Your dinners are set for the week, or weeks, depending on how much you cooked. When you come home from work starving, tired, and ready to switch on Netflix and pass out, you will no longer be tempted to drop $20 on Chinese takeout. Not only that, you’ll have set a grocery budget and stuck to it.

You can also save money by packing your lunch. Go to your local deli and look at the sandwich prices – $6, maybe $9 for a combo. Instead, buy a loaf of bread – $3. Buy a pound of chicken breast – $5. Buy a pound of cheese – $5. For only about double the price of eating one sandwich, you get six to eight sandwiches. Even if math isn’t your strong suit, you can see the payoff here.

4. Budget for Holiday Shopping

In 2018, holiday shoppers spent an average of $801 each. That is a giant number for your budget to absorb in one month. What if you spread that cost out over the course of a year? Even as a monthly expense, your holiday shopping budget will cost you around $66 per month.

If you’re the type of family member who likes to spoil their relatives, that number could get even higher. And that’s only counting the gifts that you’re purchasing for friends and family. What about wrapping paper, bows, ribbons, and bags? What about travel expenses to visit distant family? What about hosting a holiday party at your own residence and buying food, alcohol, and decorations?

The costs can rise quickly and you might find yourself tempted to just “put a little on the credit card.” If you WANT to be paying off last year’s holiday gifts until next summer, be my guest. However, if you want to get ahead of the game and have plenty of money to enjoy yourself and be Santa Clause to everyone else, start planning for next year’s holiday right away.

Put money aside monthly, after you get your tax return, or after another windfall of cash. Recognize the holiday season is something to save for in order to keep your budget intact.

5. Anticipate Family and Friends’ Life Events

If you thought your gift-giving stopped at the holidays, you were wrong. Birthdays, bridal showers, baby showers, weddings, funerals, anniversaries, christenings, baptisms, and more cause you to shop until you drop.

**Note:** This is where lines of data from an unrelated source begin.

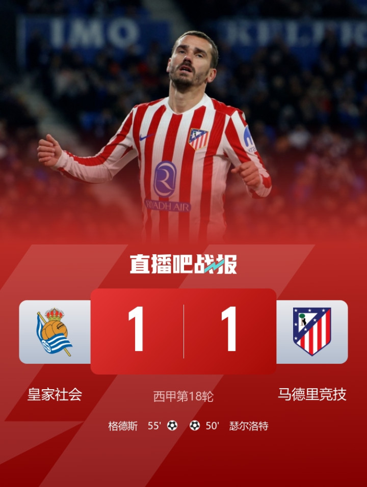 直播吧1月5日讯北京技巧1月5日凌晨4时整,2025-26赛季西甲第18轮在阿诺塔球场张开角逐,马德里竞技客场对阵皇家社会。上半场瑟尔洛特乌龙越位无效,下半场瑟尔洛特先拔头筹,小西蒙尼助攻,格德斯扳平,久保建英助攻。最终马竞客场1-1战平皇家社会,马竞各赛事4连胜闭幕,积38分仍居第4+距榜首巴萨11分,皇社联赛5轮不堪。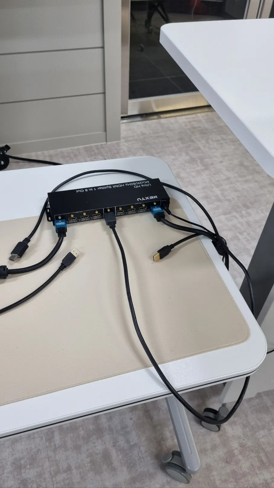 그리고 분배기도 구입해 두어 두 개를 붙여 놓으면 두 개의 전자 칠판에 동시 화면 송출을 할 수도 있습니다. 분배기가 같은 회사의 제품이라면, 유선이 아니더라도 무선으로 묶어서 화면을 제어할 수 있는 기능도 있습니다.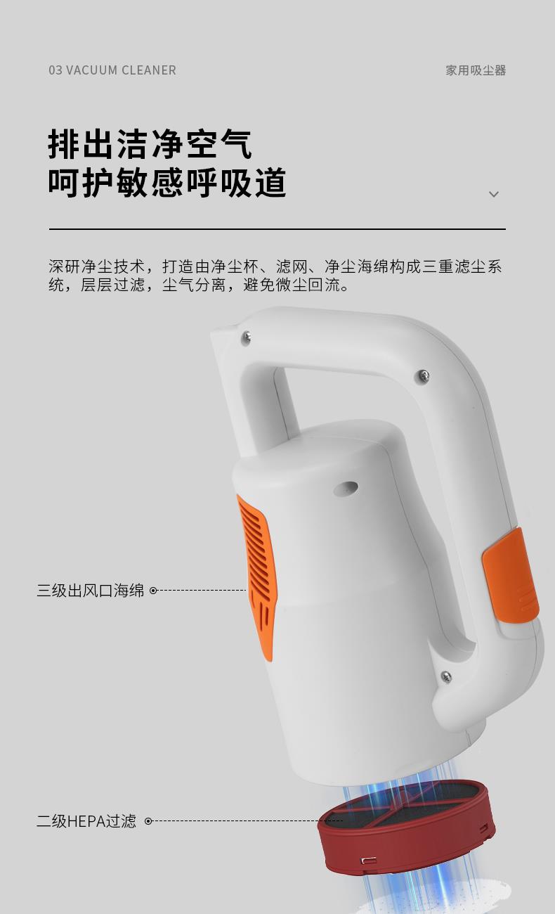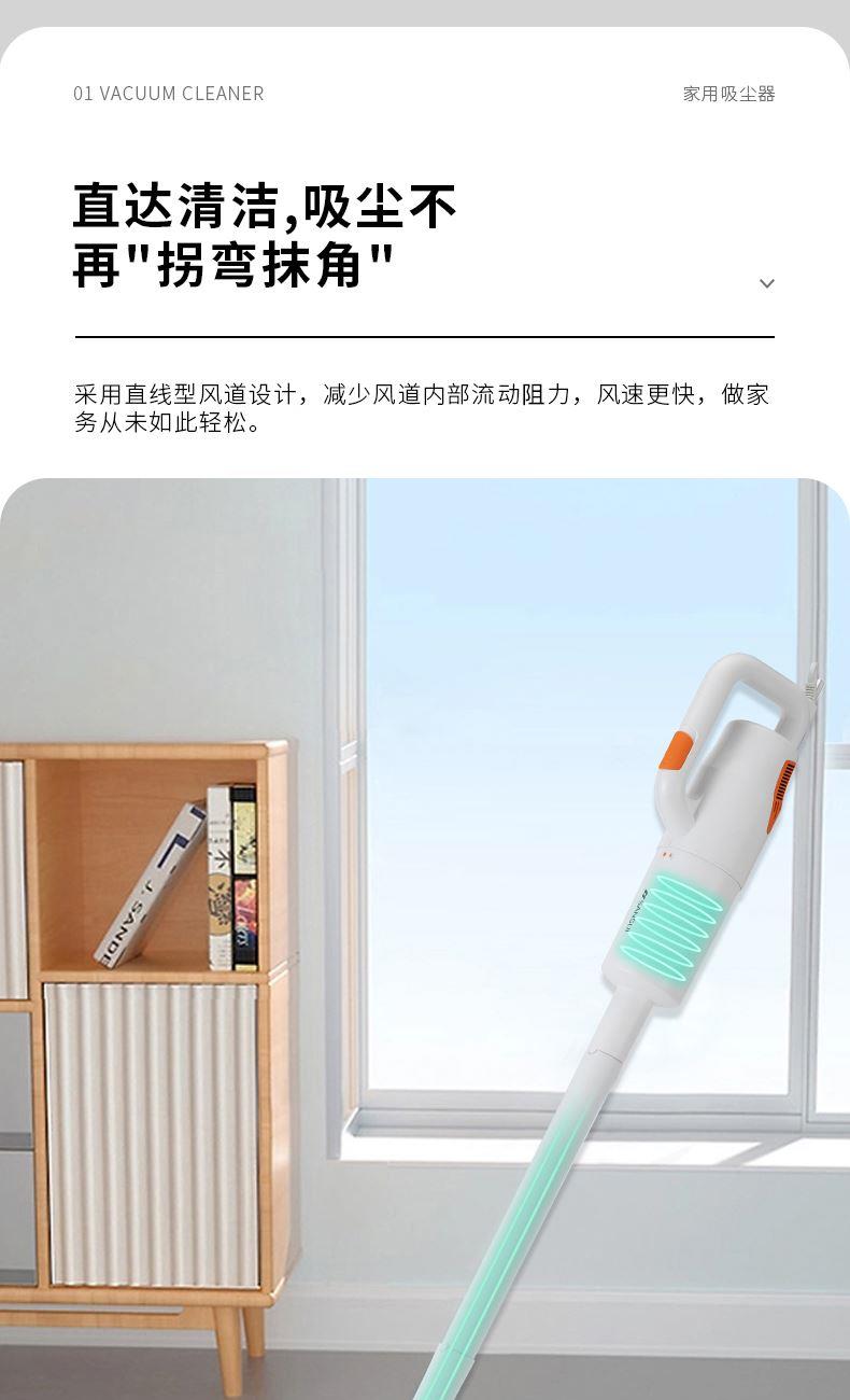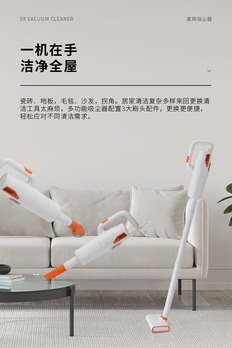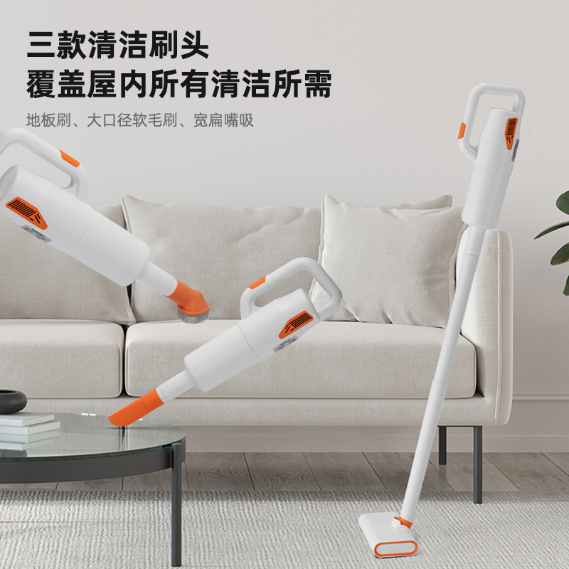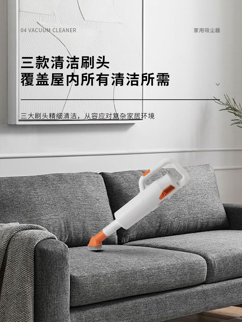 额定功率:400W 强劲小旋风大吸力降噪吸尘器 有线设计、手持/推杆两用设计 550ml大容量尘杯 三款清洁刷头从容应对复杂家居环境、多重过滤、高速电机、稳定功率输出 一键启动、灵活滚轮 主机*1、地板刷连接管*2、地板刷*1、毛刷*1、二合一扁吸*1、说明书 包装方式:彩盒+网购包装

You’ll know your parents’ golden wedding anniversary is coming up well in advance – so plan for it. You might not know your sister is planning on getting married – but once she gets engaged, plan for it. It’s not just the holidays that require thought and preparation, but caring for everyone else in your life too.

Here’s a suggestion: don’t just save blindly. You’re not restricted to one savings account. You can have multiple accounts at no charge just by meeting a minimum balance. Make sure one of your savings accounts is geared specially toward events requiring you to spend money. You’ll feel awesome when you’re able to contribute to someone else’s happiness, especially since it doesn’t require you to swipe that credit card or take out a loan.

After reading this list, you’re probably exhausted. Being proactive takes work! Now you’re getting the point. By putting in extra thought, extra care, and extra time, you can and will avoid major expenses that could seriously rock your budget, your plans, and your life.